The third issue is with reproducibility. If my team and I build an ML model that performs well on unseen data, we must share! It should be standard practice that not only datasets but the actual code must be made available as a standard part of the research (Data School, 2014). This is because sometimes algorithms don’t work, machine learning models experience degradation over time, or we make the wrong business decisions from the data. In such cases, we may all learn from our failures just as much as from our triumphs. 

For the policy maker, machine learning can become the tool that helps us prove or disprove our intuition about the problem we are trying to solve. Here are a few of my recommendations for disrupting corruption with a data-driven approach: 

Firstly, governments need to become data driven learning organisations. For this to happen much more research and experimentation is needed. Officials and domain experts in government department are vital to the success of the undertaking because they make those vital inferences from the data on which decisions for say, corruption busting, hinges 

Secondly, we need  to find a place for data science in the policy life cycle. Ideally more than one place. Statistical models can help policymakers move from inputs and outputs to outcomes and impacts. This would depend on the computational efficiency available and the particular problem that the machine is trying to learn on, but every stage of the policy life cycle can benefit from machine learning. 

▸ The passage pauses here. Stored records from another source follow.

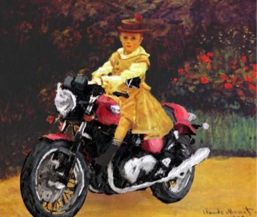 Girl on a Moto – by Claude Monet. Discovered in a dusty store room behind the artists house at Giverny. Le Thruxton Rouge is the title written on the back…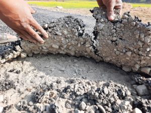स्थानिय खडग श्रेष्ठको घर अगाडी शुक्रबार साझ गरेको कालोपत्रे विहान उप्किएको छ । सडकको बेस निर्माणमा कमसल कच्चा पदार्थ बढी प्रयोग गरेको तथा रोलरको कम प्रयोग गरेका कारण समस्या देखिएको स्थानिय बताउँछन् । अब सडकको गुणस्तर सुधारका लागि पुनः बेसमा रोलर लगाएर काम गर्न आवश्यक देखिएको स्थानियको भनाई छ ।
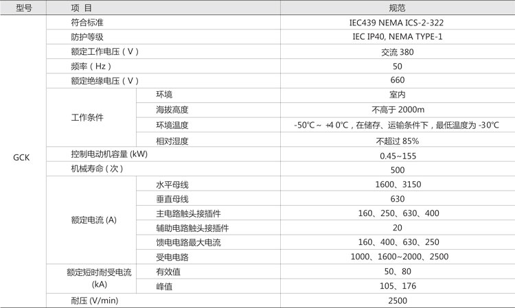 GCK低壓抽出式開關(guān)柜,主要是由一些組合式電動(dòng)機(jī)控制單元,和其它功能單元組合而成。這些單元以上下重疊的方式安裝在封閉的金屬柜體內(nèi)。用設(shè)置在柜體上方的水平母線,將每個(gè)柜體聯(lián)結(jié)在一起,同一柜體的功能單元?jiǎng)t并聯(lián)在垂直母線上。柜體共分水平母線區(qū)、垂直母線區(qū)、電纜區(qū)和設(shè)備安裝區(qū)等四個(gè)互相隔離區(qū)域,功能單元分別安裝在各自的小室內(nèi),當(dāng)任何一個(gè)功能單元發(fā)生事故時(shí),均不影響其它單元,防止事故擴(kuò)大。本產(chǎn)品符合JB/T9661-1999標(biāo)準(zhǔn)。該產(chǎn)品采用IEC114規(guī)定的IP40防護(hù)等級(jí),當(dāng)所有的門和護(hù)板關(guān)閉時(shí),或門開啟時(shí)以及功能單元外于移出位置時(shí),均能達(dá)到相應(yīng)的防護(hù)等級(jí),這樣可確保人身安全。該產(chǎn)品設(shè)置有完善可靠的接地系統(tǒng)和保護(hù)電路,所有功能單元均能按規(guī)定的性能要求,分?jǐn)喽搪冯娏鳎M(jìn)線單元具有三段保護(hù)特性。因此,可以保證供電的可靠性,和設(shè)備與系統(tǒng)的安全。所有功能單元,均可通過接口件與PC線板(可編程序控制器)或微處理機(jī)連結(jié),作為自動(dòng)控制系統(tǒng)的執(zhí)行單元,根據(jù)用戶需要還可以提供其它內(nèi)容的功能單元和功能組合,該產(chǎn)品適用于交流380V,頻率50Hz的電路中。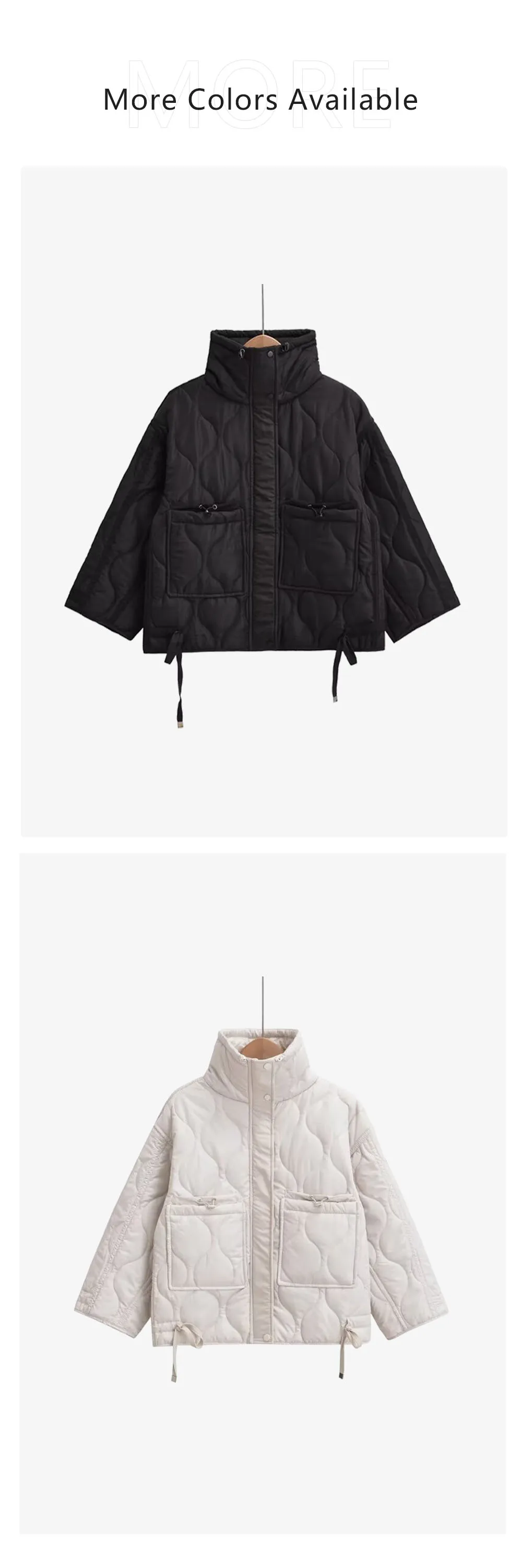 2024 autumn new women's fashion pocket decoration loose long sleeved stand collar diamond grid cotton jacket short jacket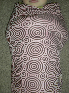 JellyBean isn't feeling well this morning. She has a runny nose and a light fever, and isn't sleeping very well. The blanky she usually uses is fuzzy on both sides with a little stretch. The stretch part is just perfect for swaddling her, so her arms don't wake her up, but the fuzzy is a bit too warm for summer, especially with a fever. With all the blankets I have for her, I just didn't have something that would fit the bill -- light with a little stretch. So, here's what I came up with!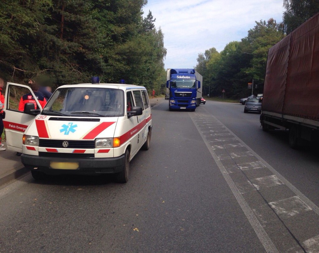 Dne 7. 10. 2014 došlo v Říčanech k dopravní nehodě, při které se střetla převozová sanitka tovární značky Volkswagen Transporter s tahačem kamionu MAN.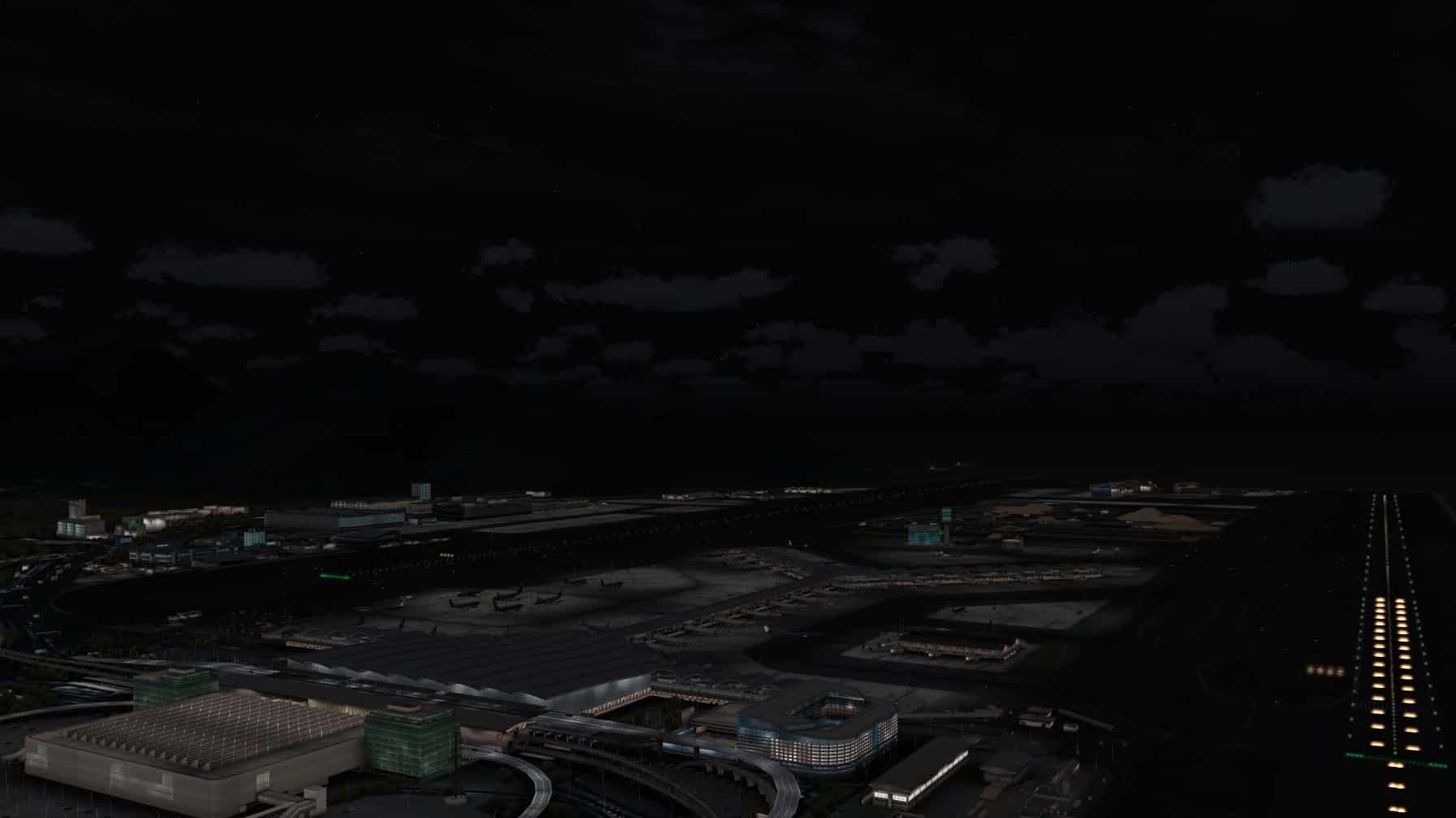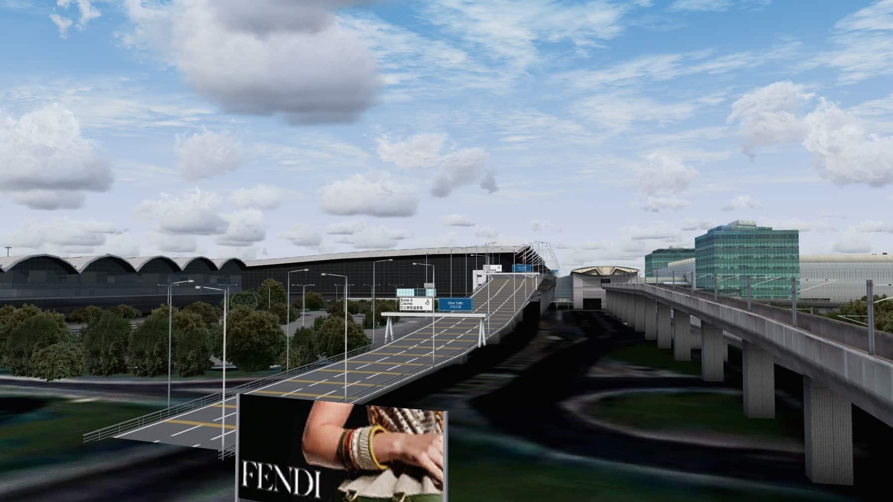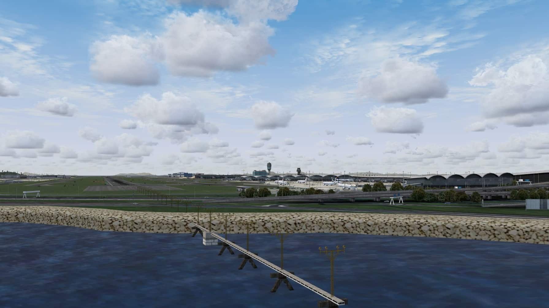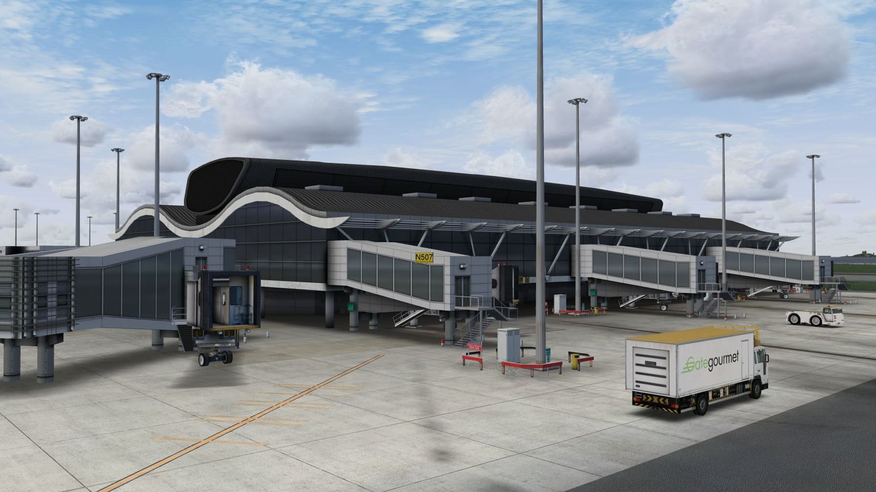 Die Terminalgebäude sind gut getroffen. Das große Terminal hat weite Glasfronten, hinter denen die Inneneinrichtung modelliert ist. Jetways sind manchmal absurd lang. Es gibt zusätzlich ein kleines Satellitenterminal, den Northern Satellite Concourse NSC mit 10 zusätzlichen Parkpositionen.

Next is to bring together the data scientist, the statistician and the domain expert. Governance is an immensely complex undertaking. Every moment of the day, thousands upon thousands of financial transactions happen across municipal, provincial and national budget line items, often involving staggering amounts. This is all happening in an environment regulated by a myriad of complex laws and regulations. Officials often underestimate their domain knowledge and they don’t get credit for being able to assimilate all this complexity. The current consensus is that the best problem solving teams include data scientists, statisticians and domain experts (Mukherjee, 2019). All three have distinct roles to play in arriving at informed governance decisions. 

The possibilities for machine learning to tackle corruption are very exciting. But it still requires humility from the data scientist, an understanding of the theory, and a willingness from the government official to give freely of his domain knowledge. And finally, no model can ever predict with a 100% accuracy. We should be honest about that when pitching solutions to legislatures and governments alike.